Segment Start: DATA TO PROCESS
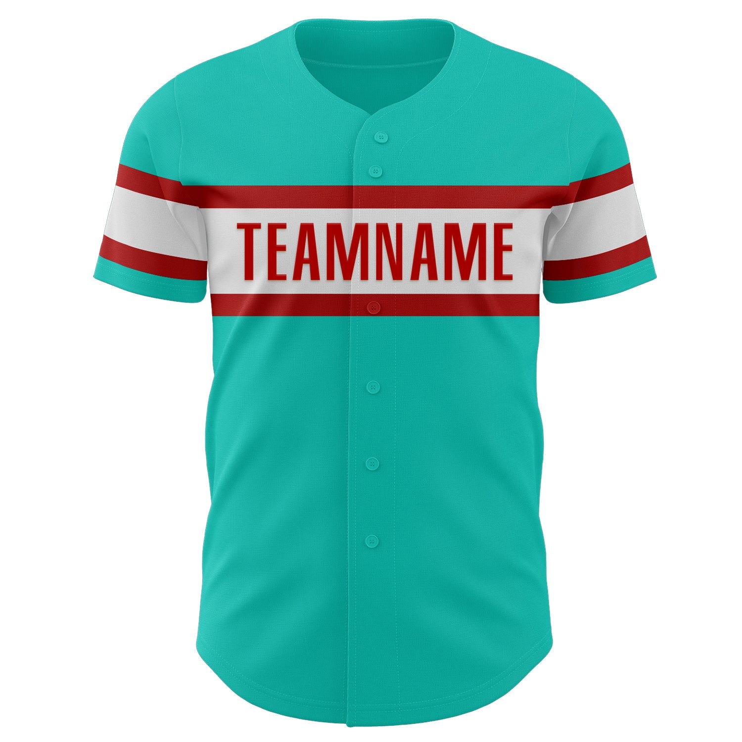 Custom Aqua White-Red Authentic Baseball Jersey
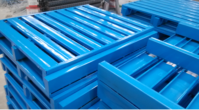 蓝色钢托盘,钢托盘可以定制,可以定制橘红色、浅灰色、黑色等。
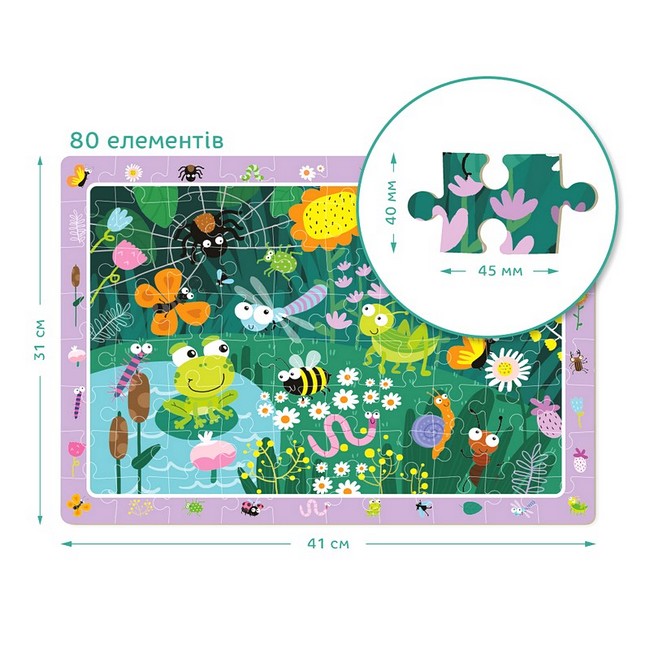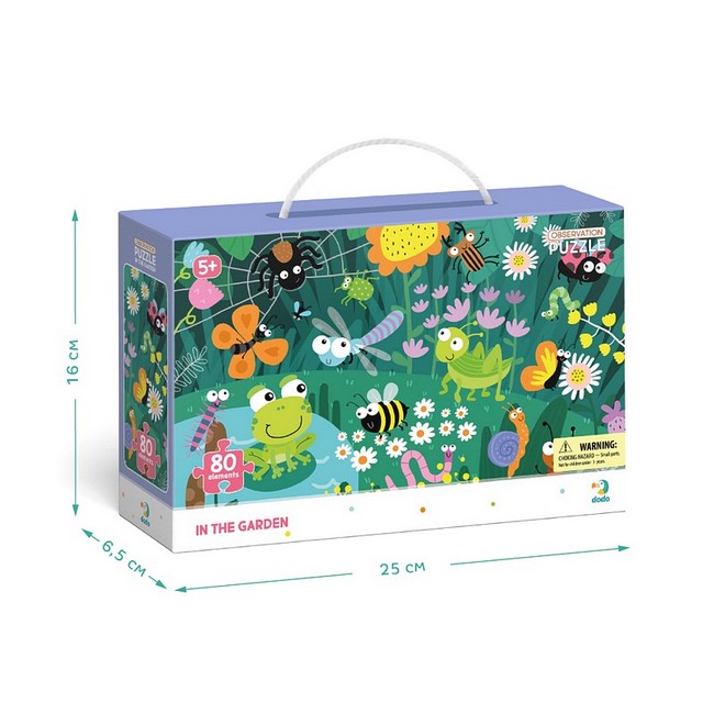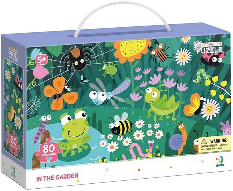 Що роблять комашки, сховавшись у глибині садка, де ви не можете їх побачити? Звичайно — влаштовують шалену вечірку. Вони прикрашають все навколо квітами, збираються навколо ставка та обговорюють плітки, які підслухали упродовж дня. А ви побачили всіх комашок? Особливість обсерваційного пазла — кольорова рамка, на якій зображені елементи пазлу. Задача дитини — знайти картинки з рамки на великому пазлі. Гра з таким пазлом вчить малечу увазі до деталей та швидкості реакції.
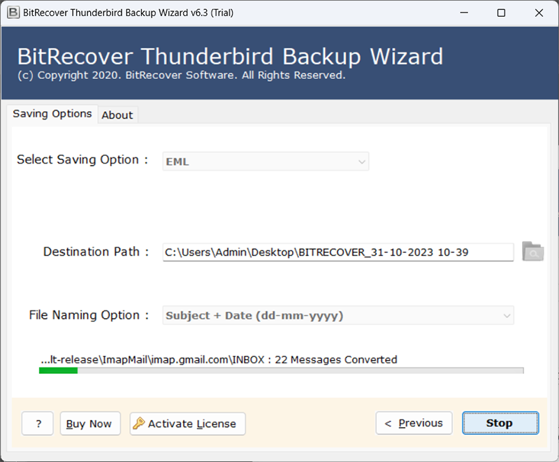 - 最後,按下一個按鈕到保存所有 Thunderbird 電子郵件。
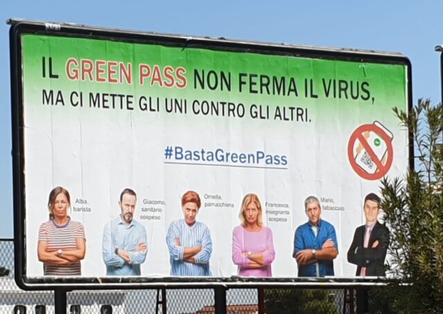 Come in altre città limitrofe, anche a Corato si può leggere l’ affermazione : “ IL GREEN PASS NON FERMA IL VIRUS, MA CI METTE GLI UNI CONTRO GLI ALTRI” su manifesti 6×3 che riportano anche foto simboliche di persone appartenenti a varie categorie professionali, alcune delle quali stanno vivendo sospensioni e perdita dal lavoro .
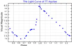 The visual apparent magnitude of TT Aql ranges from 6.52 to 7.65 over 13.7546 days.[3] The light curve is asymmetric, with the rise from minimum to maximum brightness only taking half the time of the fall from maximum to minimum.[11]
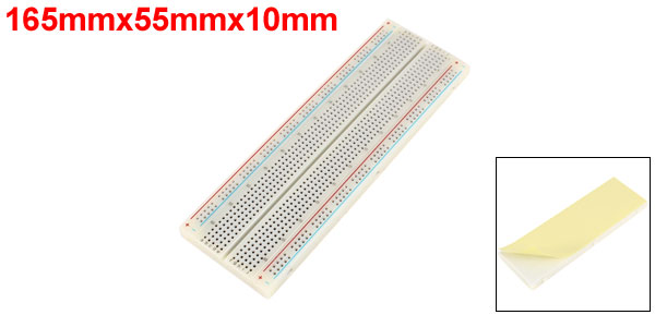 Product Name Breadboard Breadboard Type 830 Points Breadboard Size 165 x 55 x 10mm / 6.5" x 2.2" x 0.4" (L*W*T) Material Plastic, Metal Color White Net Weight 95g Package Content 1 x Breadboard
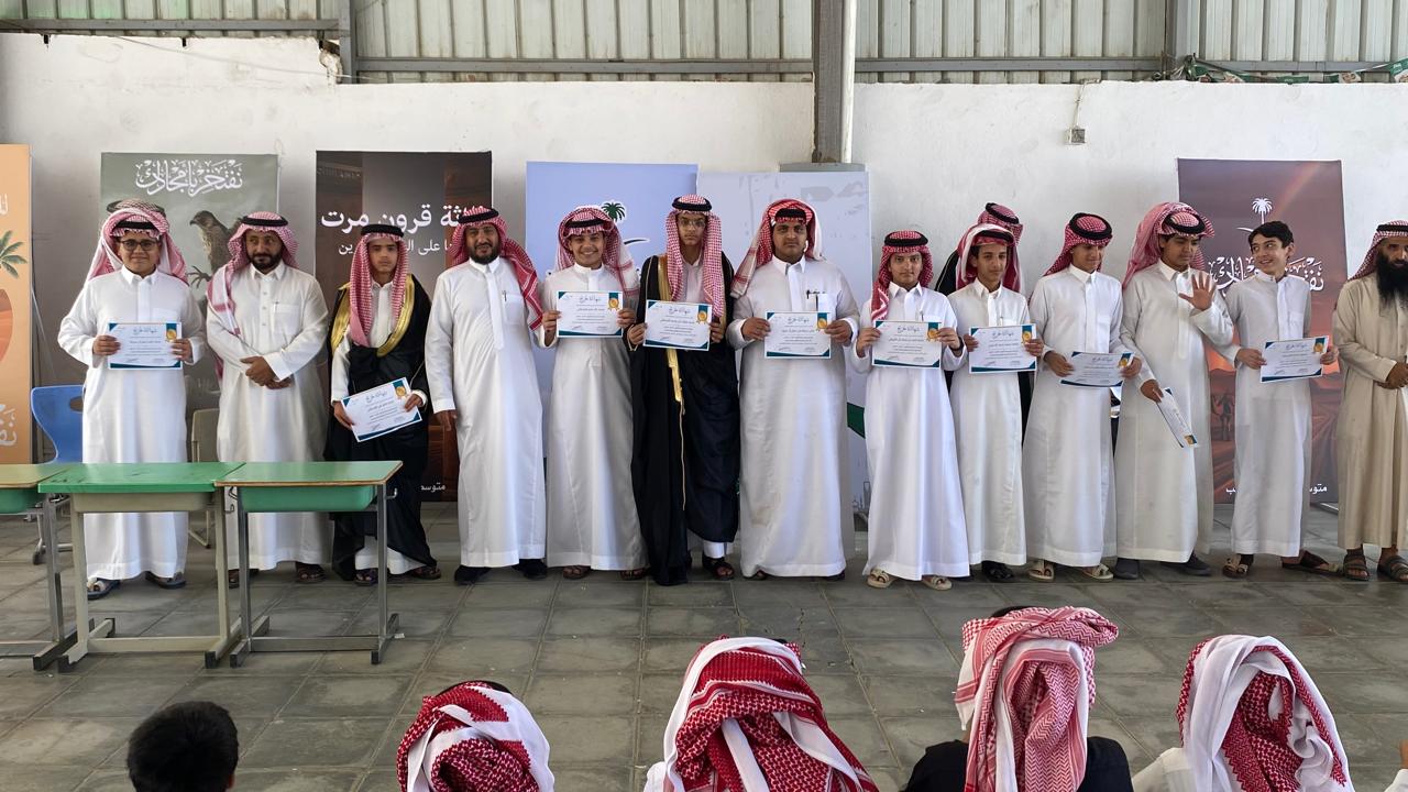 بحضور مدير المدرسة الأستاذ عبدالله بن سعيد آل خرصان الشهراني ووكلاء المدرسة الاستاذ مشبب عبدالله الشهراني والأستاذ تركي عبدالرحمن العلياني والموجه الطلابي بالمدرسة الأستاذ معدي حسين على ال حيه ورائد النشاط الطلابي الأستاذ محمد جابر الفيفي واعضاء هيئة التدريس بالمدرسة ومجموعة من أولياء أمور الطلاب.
Segment End: DATA TO PROCESS
Segment Start: DATA TO PROCESS
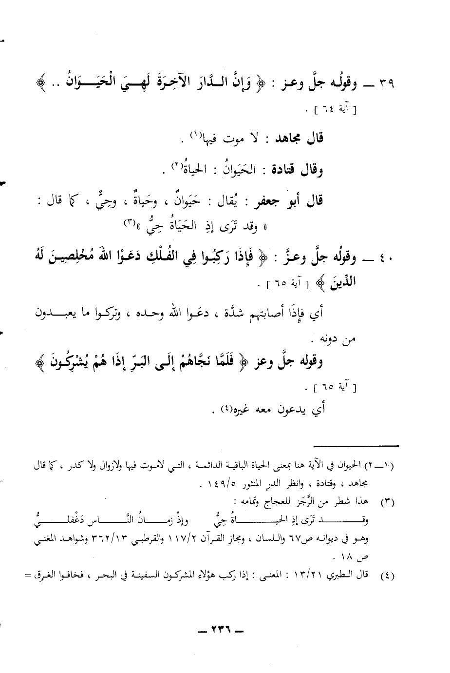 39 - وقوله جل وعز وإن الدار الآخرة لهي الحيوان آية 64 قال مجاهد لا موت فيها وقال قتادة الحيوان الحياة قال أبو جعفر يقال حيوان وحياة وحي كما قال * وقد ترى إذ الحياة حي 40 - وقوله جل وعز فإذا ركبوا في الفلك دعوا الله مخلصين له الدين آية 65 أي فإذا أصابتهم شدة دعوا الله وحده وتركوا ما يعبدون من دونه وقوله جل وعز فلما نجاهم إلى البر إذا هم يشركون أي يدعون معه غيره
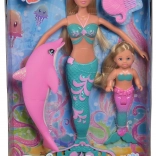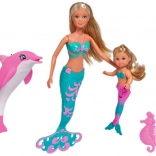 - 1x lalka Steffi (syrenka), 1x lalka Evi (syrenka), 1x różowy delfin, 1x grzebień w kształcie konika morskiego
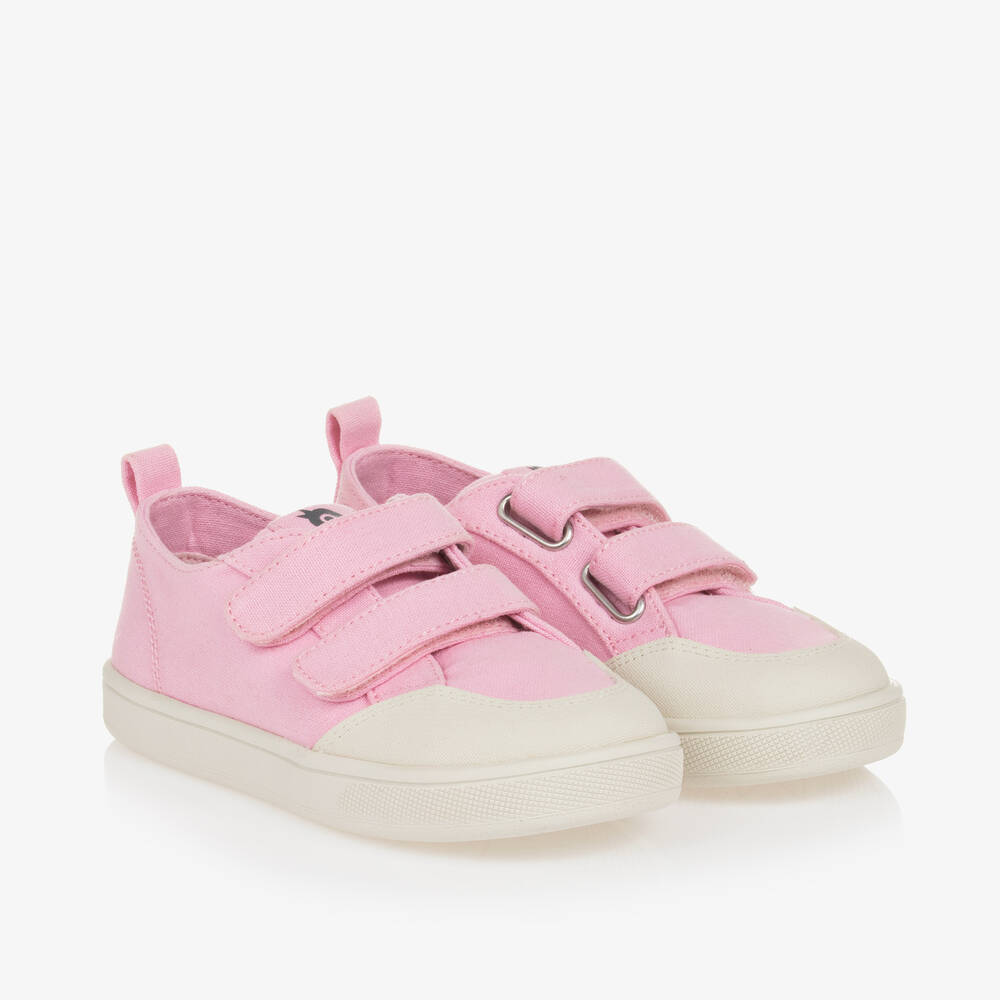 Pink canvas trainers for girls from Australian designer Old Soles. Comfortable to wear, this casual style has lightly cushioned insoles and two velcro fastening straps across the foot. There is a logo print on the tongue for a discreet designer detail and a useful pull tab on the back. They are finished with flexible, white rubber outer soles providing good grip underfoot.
Segment End: DATA TO PROCESS
- _INSTRUCTIONS TO FOLLOW_:
Set down again, word for word, every line from the one with "Custom Aqua White-Red" to the one with "蓝色钢托盘,钢托盘可以定制,可以定制橘红色、浅灰色、黑色等。" in the entries above, and omit the pictures.

- _ANSWER FOR THE TASK_:
 Custom Aqua White-Red Authentic Baseball Jersey
 蓝色钢托盘,钢托盘可以定制,可以定制橘红色、浅灰色、黑色等。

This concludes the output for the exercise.